The Value of Going "Old School" in Data Science
By Dr. Tim Oates, Chief Data Scientist
When I entered graduate school to work on a Ph.D. in Artificial Intelligence, the outlook for the field was uncertain, with dwindling attendance at the main national conferences and at best a lukewarm job market. Things could not be more different today! There’s genuine excitement in academia and industry, and even the popular press about recent advances in AI and Machine Learning. We’ve got machines that beat the world’s best human players at Jeopardy! and Go and learn to play Atari games like people by watching the video screen and experimenting.

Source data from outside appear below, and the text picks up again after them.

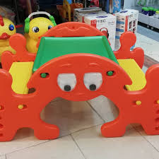 میز و نیمکت و الاکلنگ چهار نفره ، از جنس پلی اتيلن و دو كاره بوده و با يک چرخش ساده تبديل به يک الاكلنگ چهار نفره زيبا می شود. این محصول هم برای محیط داخل منزل و مهدکودک و هم فضای بیرونی کاربرد دارد. این الاکلنگ برای کودکان بالای 2 سال مناسب است.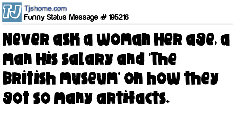 X is Never ask a woman Her age, a man His salary and 'The British museum' on how they got so many artifacts.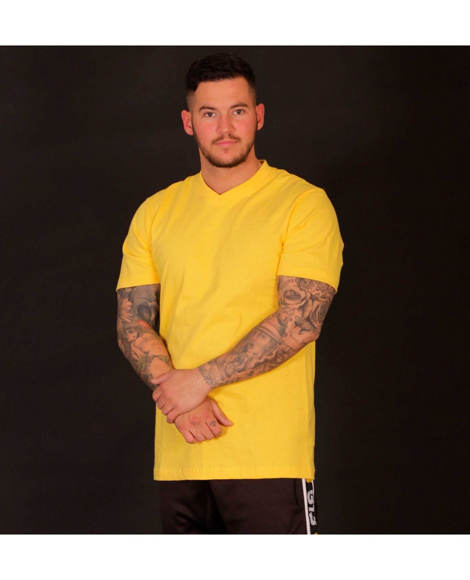 Basic sværvægts, gul V-Neck T-Shirt fra det amerikanske streetwear brand Access Apparel. Pasformen er regular fit.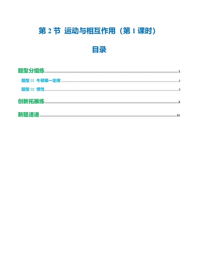 第2章第2节 运动与相互作用(第1课时)(培优考点练)(解析版)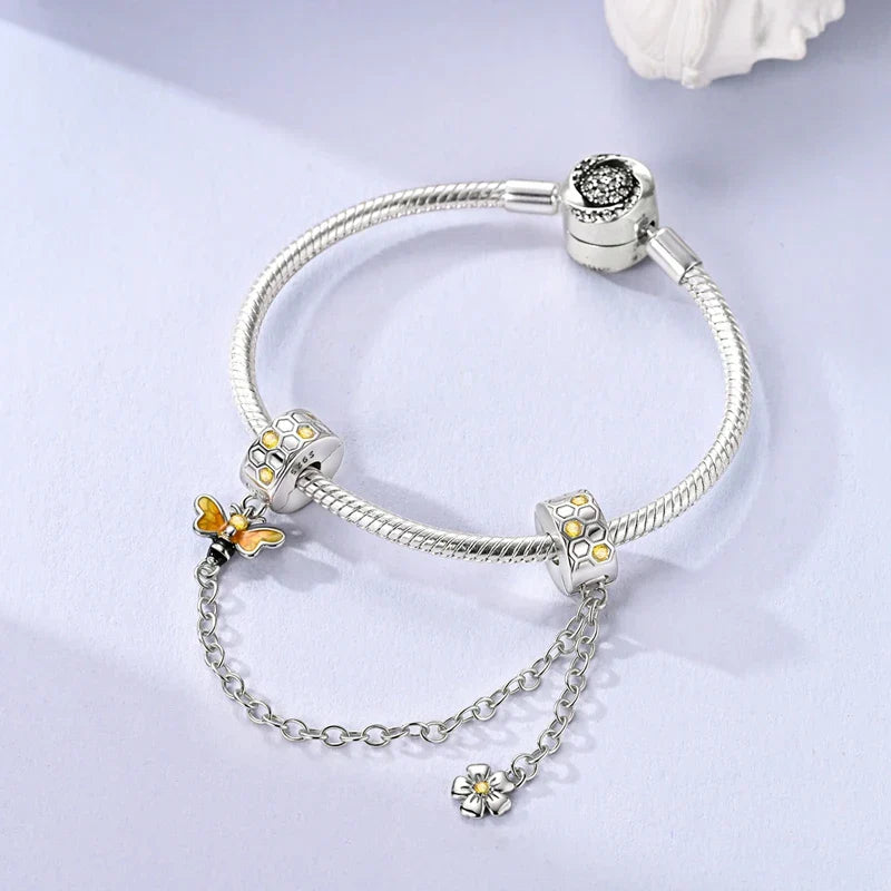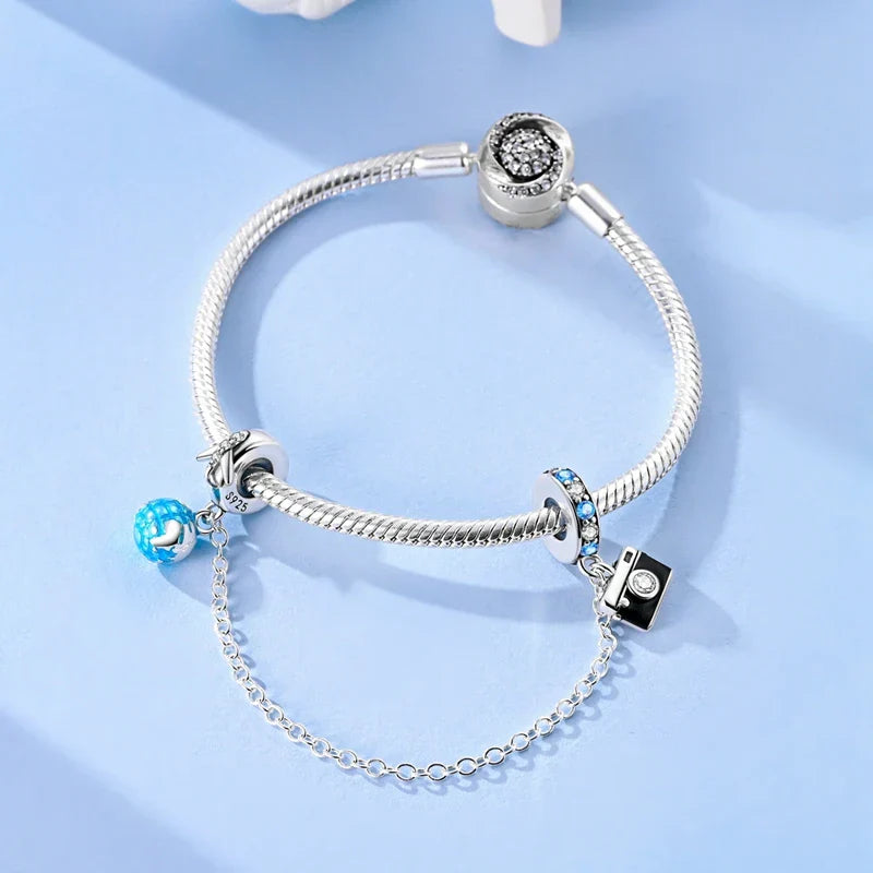 Berlocker Saga (säkerhetskedja & berlocker – flygplan, blomma & kamera)

That may be fun and games, but underneath these successes are two driving forces, one more important than the other: new learning algorithms and more data. Which do you think is the more important one? Sometimes we solve new problems because we didn’t have the right algorithms before. More often than not, especially in the business world, we solve new problems because we didn’t have the data before or, more likely, we didn’t have the time to look at the data we had carefully enough.
I’ve seen this play out over and over again in talking to businesses about their data. Companies of all sizes know their own data well, and typically have great ideas about how they’d like to use it in new and interesting ways, but just don’t know how to get started. They may have heard about deep learning or deep neural networks and wonder if these new, powerful tools could be the right thing. But 9 times out of 10, it’s better to go old school and use tools that have been around in one form or another since I was a grad student. And this isn’t a simple case of nostalgia. The first International Conference on Machine Learning was in 1980, and very powerful, well-understood learning algorithms that have been around for decades at this point are often simpler, faster, easier to explain, and just produce better results that are easier to interpret than the latest and greatest 100-layer Convolutional Neural Network.
Sometimes you have to break out the algorithmic big guns, but more often than not there’s a better path to extracting value from data, where “better” means faster, cheaper, and more impactful for the business. The key is knowing the toolbox well and choosing the right tool for the job at hand.